Please note: In yesterday's post, I expressed some people-in-glass-houses-style reservations when criticizing someone's scratching, but here I have none. You see, in second grade I had to learn to play Yoko Ono's "Who Has Seen the Wind?" on recorder and I really rocked that shit.
As a person with limited scratching ability, I'm not one to talk much about other people's scratching, but this record deserves special mention-- the club version of T-Ski Valley's "The U.S.A. Is the Best" contains what is perhaps the worst scratch solo in recorded music.
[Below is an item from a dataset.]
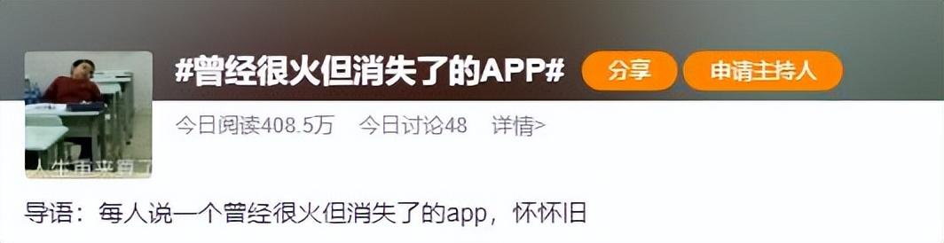 前几天,微博热搜上出现#曾经很火但已经消失的App#词条。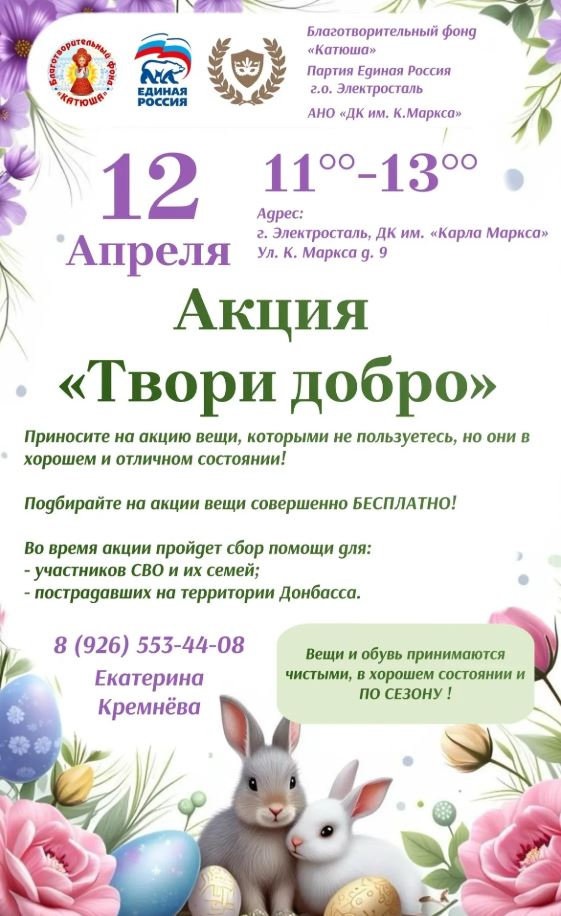 12 апреля в Доме культуры им. Карла Маркса с 11:00 до 14:00 при поддержке партии «Единая Россия» состоится праздничная пасхальная акция, в которой примут участие депутаты и представители администрации г.о. Электросталь.

T-Ski Valley is best known for "Catch the Beat", his classic 1981 reworking of Taana Gardner's "Heartbeat". "Catch the Beat"'s arranger, Glen Adams, also produced "The U.S.A. Is the Best". Adams was a former keyboardist of Lee Perry's Upsetters who had relocated to the US and cut the minor disco classic "Just a Groove" (which, incidentally, was later versioned pretty well by T-Ski Valley).
The rhyming on the A-side of "The U.S.A. Is the Best" is a stiff and goofy rehash of some current events (the assassination attempt on John Paul II, the Beirut bombing, etc.) with a side of Reagan-era patriotism. The flip is billed as a "club version" but instead it's a dub-- all slinky bass, chorus chants and masterfully naive scratching.
The scratching appears intermittently throughout the club version but really starts to shine around the 6:30 mark, as someone slowly pushes a record back and forth without much regard for the beat and with none for the fader. Echo effects make it even trippier. The overall effect is not altogether bad, just weird and strangely engrossing.